You know what else is enormously unpopular with the general public, Stu Whiney and his constant stream of negative piss he calls sports journalism.   When has the general public weighed in on the issue of Event Center location?   The size a paid consultant is recommending would easily fit at that Cherapa site and there’s more access points in and out than there would be at the Arena site.   Parking?  Again, we’ve paid people to look at this and they have said there is plenty of existing parking within reasonable walking distance, and that wouldn’t include any more added by replacing the River ramp or what comes in next to the facility itself.   

 

Another enormously unpopular idea is moving Howard Wood field and adding an additional $10 million or so to rebuild it out on basically useless ground tucked in between the Airport and the Benson Road exit.   The School Board wants to spend $5 million to renovate it, so that option was obviously not their first choice.   

 

We could build the 12K seat Events Center downtown for $100 million, match the School Board’s $5 million and upgrade Howard Wood.  Put $15 million apiece into additional parking at or around the downtown site, and into renovating the Convention Center to incorporate the Arena and add sellable floor space.   Total price tag = $135 million which is $15 mil less than the new budget number.    You’d end up with 3 first class facilities, with two sets of naming rights to sell, that would suit the City’s needs for the next 50 years. The projects could be staggered in a way that you are using one while you are constructing the others so you would minimize lost Event revenue.   Plus, this is the only plan that would draw in another 400 or so new hotel rooms which will help solve that problem at the same time. 

 

Again, the best plan is the one that will offer the best payback on the investment.   All the others floating around right now will short change us for a generation. 

 

 

 

I decided to make Sy’s comment it’s own post;

Sy says:

I attended the meeting today (WED), they are stuck on the HWF/Arena site, but aren’t sure if we should build one be all end all Events Center or maybe look at two facilities. One for games/concerts and another for conventions/tradeshows/events.

Didn’t seem to occur to them that if we are talking two facilities, we should be talking two sites. They kept referring to an Arena vs. a Coliseum.

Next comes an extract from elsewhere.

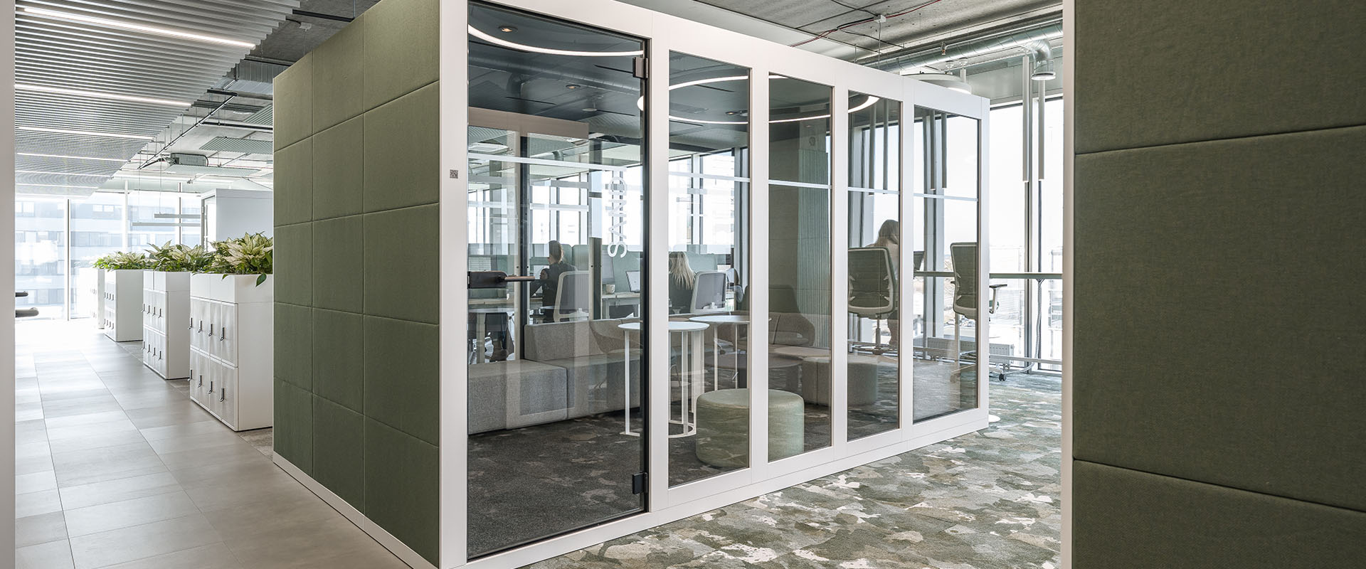 Raum-in-Raum-Systeme bieten flexible Lösungen, um Büroflächen dynamisch zu gestalten. Diese Systeme ermöglichen es, mobile und modulare Einheiten zur Verfügung zu stellen, die leicht auf- und abgebaut werden können. Sie helfen, den Geräuschpegel zu reduzieren und die Konzentration und Kommunikation der Mitarbeiter zu fördern.

They want to figure out that question before they ask the Consultant to put together a pro-forma on whether or not the thing will fly.

They also were at the point of eliminating the idea of an indoor football venue, but didn’t want to make that call since the one major backer of that idea (I can only assume they meant Dykehouse) wasn’t in attendance.

I’ll give them credit, they are trying. But they can’t see the forest through the trees.

Some other points;

We are seriously behind the 8 ball on all phases, whether you are talking conventions, trade shows, concerts, games, etc. It’s amazing we draw what we draw. We lose or almost lose a ton of business due to lack or airline service. The person who usually signs the contract nearly craps him/herself when he looks at direct flights into SF vs. Omaha. We also lack the type & number of hotel rooms they want, the shopping & dining amenities they want, and the overall experience most of these people are accustomed too. It’s amazing we can book shit at all.

Also, they are taking their sweet time, but you can tell the sentiment of trying to please everyone is guiding the process. Again, the point of the Task Force should be to put together the best plan, whether or not it’s the most popular or it’s on the path of least resistance. They are going to put together a plan, then ask the consultant to give them the pro-forma to make it fly politically, which seems entirely bass-ackwards to me.